You can read more about plugins in :doc:`authoring-and-scheduling/plugins`. You can read how to extend
Airflow UI in :doc:`howto/custom-view-plugin`. Note that there are some simple customizations of the UI
that do not require plugins - you can read more about them in :doc:`howto/customize-ui`.
Here are the ways how Plugins can be used to extend Airflow:
Triggers
--------
Airflow uses Triggers to implement ``asyncio`` compatible Deferrable Operators.
All Triggers derive from :class:`~airflow.triggers.base.BaseTrigger`.
Airflow has a set of Triggers that are considered public. You are free to extend their functionality
by extending them:
.. toctree::
:includehidden:
:glob:
:maxdepth: 1
_api/airflow/triggers/index
You can read more about Triggers in :doc:`authoring-and-scheduling/deferring`.
Timetables
----------
Custom timetable implementations provide Airflow's scheduler additional logic to
schedule DAG runs in ways not possible with built-in schedule expressions.
All Timetables derive from :class:`~airflow.timetables.base.Timetable`.
Airflow has a set of Timetables that are considered public. You are free to extend their functionality
by extending them:
.. toctree::
:includehidden:
:maxdepth: 1
_api/airflow/timetables/index
You can read more about Timetables in :doc:`howto/timetable`.
Listeners
---------
Listeners enable you to respond to DAG/Task lifecycle events.
This is implemented via :class:`~airflow.listeners.listener.ListenerManager` class that provides hooks that
can be implemented to respond to DAG/Task lifecycle events.
.. versionadded:: 2.5
Listener public interface has been added in version 2.5.
You can read more about Listeners in :doc:`administration-and-deployment/listeners`.
Extra Links
-----------
Extra links are dynamic links that could be added to Airflow independently from custom Operators. Normally
they can be defined by the Operators, but plugins allow you to override the links on a global level.
.. toctree::
:includehidden:
:glob:
:maxdepth: 1
_api/airflow/models/baseoperatorlink/index
You can read more about the Extra Links in :doc:`/howto/define-extra-link`.
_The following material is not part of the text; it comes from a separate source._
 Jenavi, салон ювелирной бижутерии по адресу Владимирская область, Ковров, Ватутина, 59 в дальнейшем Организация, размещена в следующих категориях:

Using Public Interface to integrate with external services and applications
===========================================================================
Tasks in Airflow can orchestrate external services via Hooks and Operators. The core functionality of
Airflow (such as authentication) can also be extended to leverage external services.
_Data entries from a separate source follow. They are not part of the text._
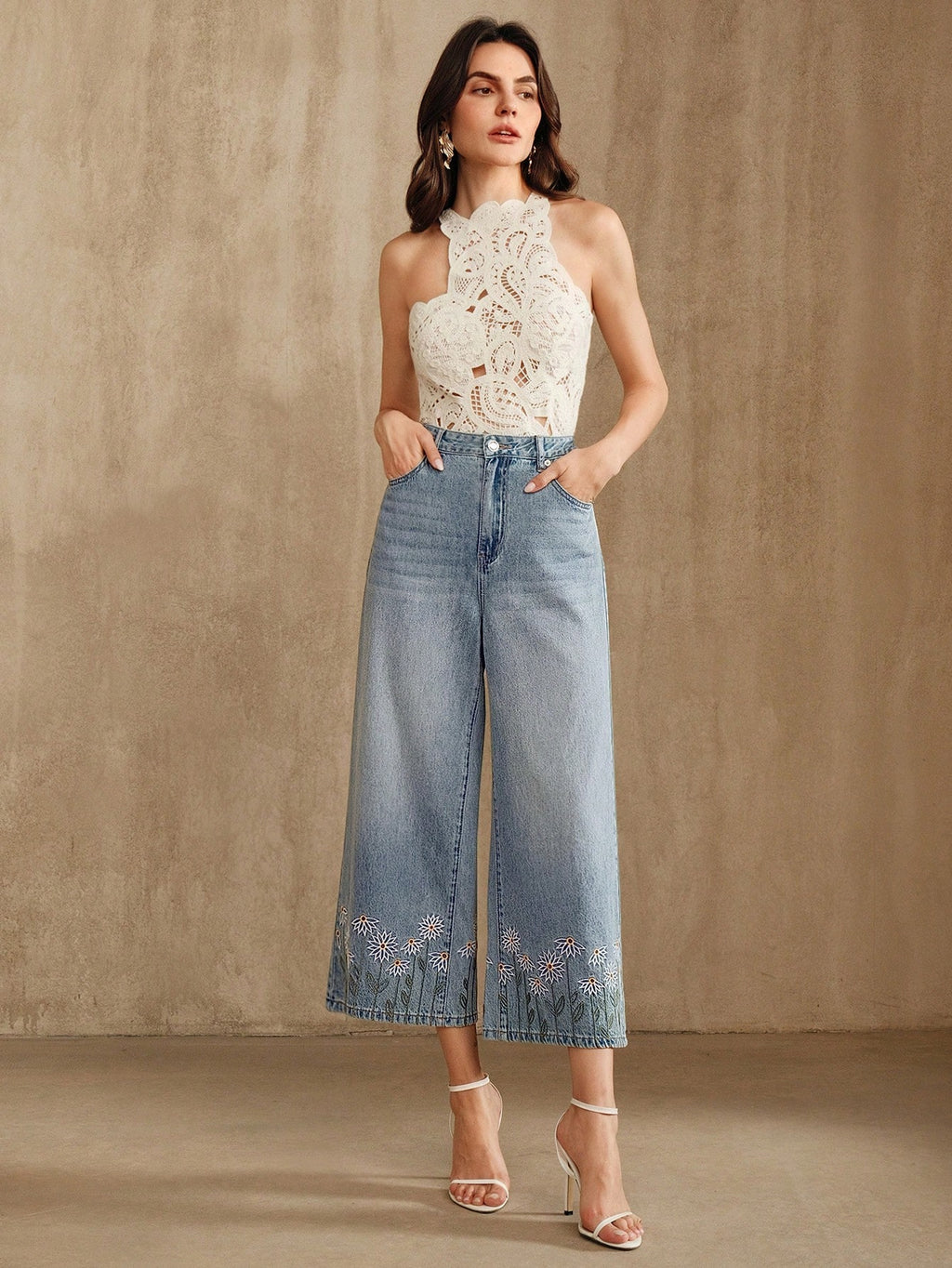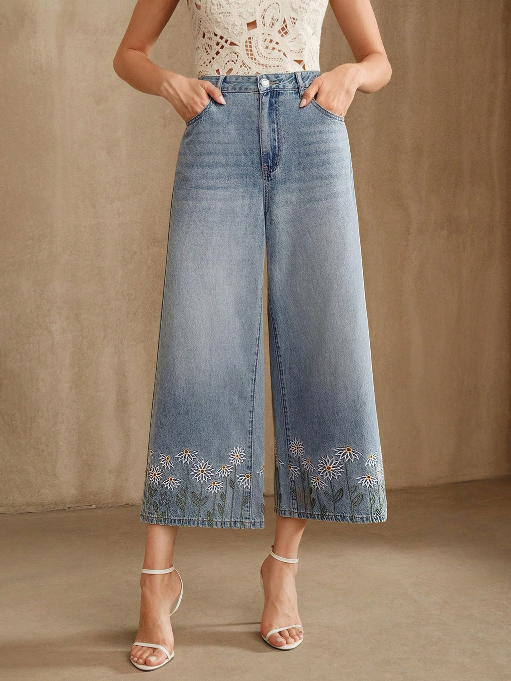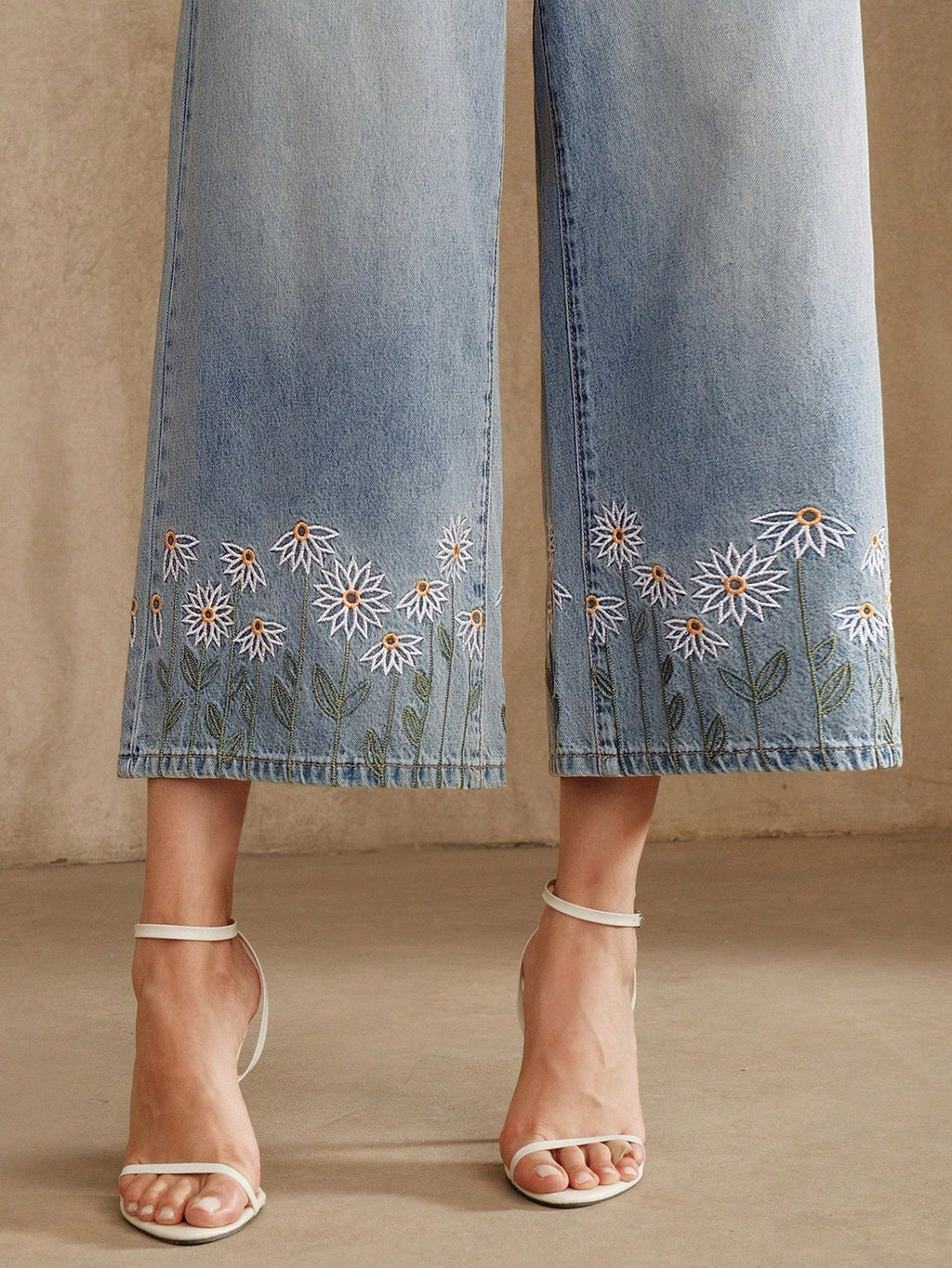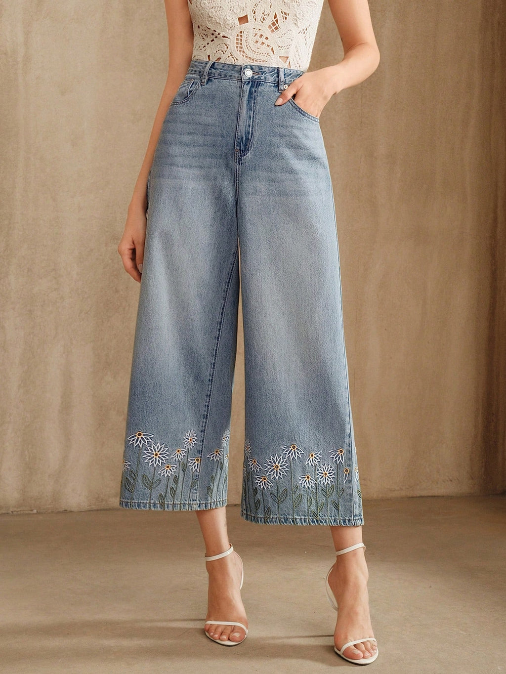 MIU Women's Casual Floral Embroidered Loose Short Wide Leg Jeans
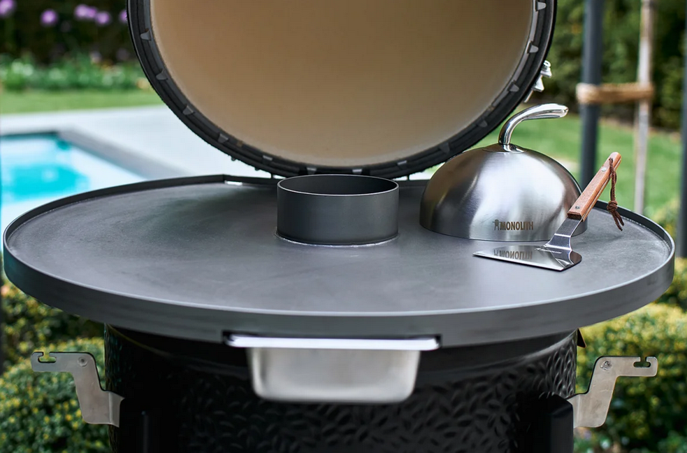 Erweitere jetzt deinen Traditionellen Kamado um die kulinarische Palette des Plancha-Grillens: Die Feuerplatte aus solidem, 8 mm dickem Stahl, die für eine außerordentliche Hitzespeicherung entwickelt wurde. Erlebe unterschiedliche Zubereitungsmöglichkeiten mit verschiedenen Temperaturzonen, für alle Gerichte, die auf einem Grillrost nicht möglich sind. Die Feuerplatte ist speziell für den .55 (CLASSIC) gestaltet und hat eine Abdichtung zum Keramikrand an der Unterseite. Da sich auf der Rückseite der Platte eine Aussparung befindet, musst du den Deckel des .55 (CLASSIC) nicht abnehmen. Die Feuerplatte steht etwa 13 cm über den Rand des .55 (CLASSIC) hinaus. Das sorgt für ein Temperaturgradienten von der Mitte bis zum Rand. Auf diese Weise kannst du auf der großen Fläche verschiedene Gerichte gleichzeitig zubereiten. In der mittigen „Hot-Zone“ kannst du dein Essen scharf anbraten, während du es am Rand langsam auf die richtige Kerntemperatur bringen oder warmhalten kannst. Die Feuerplatte hat zudem eine Aussparung für einen GN 1/16 Gastrobehälter, der als Fettauffangbehälter dient. Das erleichtert die Reinigung erheblich. Hinweis vom Hersteller: Es wird empfohlen, die Platte vor dem ersten Einsatz einzuheizen.
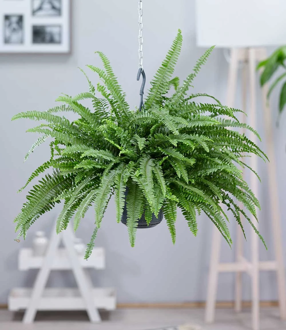 Die Hängepflanze Schwertfarn ist mit ihren mittelgrünen, glatt gefiederten Blättern einer der beliebtesten Farne. Wegen seiner langen Wedel kommt er am besten in Blumenampeln, auf Säulen oder Podesten zur Geltung. Als Zimmerpflanze bringt die Hängepflanze Schwertfarn ein frisches Grün und exotisches Flair in jede Wohnung und jedes Büro. Mit zunehmendem Alter bekommt ein Schwertfarn zum Teil sehr ausladende Wedel, die bis zu einem Meter lang werden können. Die Pflanze wirkt luftreinigend und filtert schädliche Umweltstoffe aus der Luft. Schwertfarne produzieren zudem Sauerstoff, verbessern die Luftfeuchtigkeit und unterstützen so ein gutes Raumklima.

You can read more about providers :doc:`provider packages <apache-airflow-providers:index>` and core
extensions they can provide in :doc:`provider packages <apache-airflow-providers:core-extensions/index>`.
Executors
---------
Executors are the mechanism by which task instances get run. All executors are
derived from :class:`~airflow.executors.base_executor.BaseExecutor`. There are several
executor implementations built-in Airflow, each with their own unique characteristics and capabilities.
The executor interface itself (the BaseExecutor class) is public, but the built-in executors are not (i.e. KubernetesExecutor, LocalExecutor, etc). This means that, to use KubernetesExecutor as an example, we may make changes to KubernetesExecutor in minor or patch Airflow releases which could break an executor that subclasses KubernetesExecutor. This is necessary to allow Airflow developers sufficient freedom to continue to improve the executors we offer. Accordingly, if you want to modify or extend a built-in executor, you should incorporate the full executor code into your project so that such changes will not break your derivative executor.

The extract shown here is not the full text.